Nobel Committee member Patrik Ernfors drew a parallel between this year's prize and the current rush by millions of scientists around the world to find a vaccine to combat the coronavirus pandemic.
"The first thing you need to do is to identify the causing virus," he told reporters. "And once that has been done, that is, in itself, the starting point for development of drugs to treat the disease and also to develop vaccines against the disorder."
Unlike hepatitis A, which is transmitted via food or water and causes an acute infection that can last a few weeks, hepatitis B and C are transmitted through blood.
American scientist Baruch Blumberg discovered the hepatitis B virus in 1967 and received the 1976 Nobel Prize in medicine, but this did not explain all cases of chronic hepatitis, a disease that was becoming more common even in healthy people who had received or given blood.
"Before the discovery of the hepatitis C virus, it was a bit like Russian roulette to get a blood transfusion," said Nobel Committee member Nils-Goran Larsson.
Alter discovered that plasma from patients who didn't have hepatitis B could also could transfer the disease.
"The breakthrough came in 1989, when Michael Houghton and colleagues working at Chiron Corporation used a combination of molecular biology and immunology-based techniques to clone the virus," said Nobel Committee member Gunilla Karlsson-Hedestam.
Later, Rice confirmed that a cloned hepatitis virus alone could cause persistent infection in chimpanzees and reproduce the disease observed in humans.
The hepatitis C virus belongs to a group known as flaviviruses that also includes West Nile virus, dengue virus and yellow fever virus.
Graham Foster, professor of hepatology at Queen Mary University, said the discovery of hepatitis C had prevented millions from getting sick or dying of the disease or other liver problems.
Foster said the discovery had a significant impact both in developing countries, like Egypt and Pakistan, where millions were infected via contaminated medical equipment or procedures, and in developed countries like the U.S., where the blood supply itself was often contaminated.
"This discovery allowed for safe blood transfusion and it allowed the rapid development of treatments for hepatitis C," Foster said.
The Nobel Committee often recognizes basic science that has laid the foundations for practical applications in common use today.
"It takes time before it's fully apparent how beneficial a discovery is," said Thomas Perlmann, the Secretary-General of the Nobel Committee. "Of course these serological tests have been around for quite a while, but the antiviral drugs that emerged as a consequence of this significant discovery have been much more recent."

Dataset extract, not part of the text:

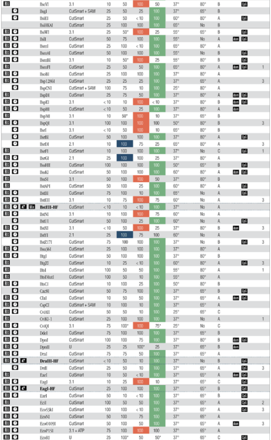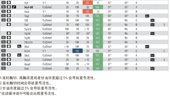 注:表中數(shù)值為近似值,所用底物與內(nèi)切酶定義中的底物相同,更新的內(nèi)容請(qǐng)查閱 www.neb-china.com 及

The prestigious Nobel award comes with a gold medal and prize money of 10 million Swedish kronor (over $1,118,000), courtesy of a bequest left 124 years ago by the prize's creator, Swedish inventor Alfred Nobel.
Monday's medicine award is the first of six prizes this year being announced through Oct. 12. The other prizes are for outstanding work in the fields of physics, chemistry, literature, peace and economics.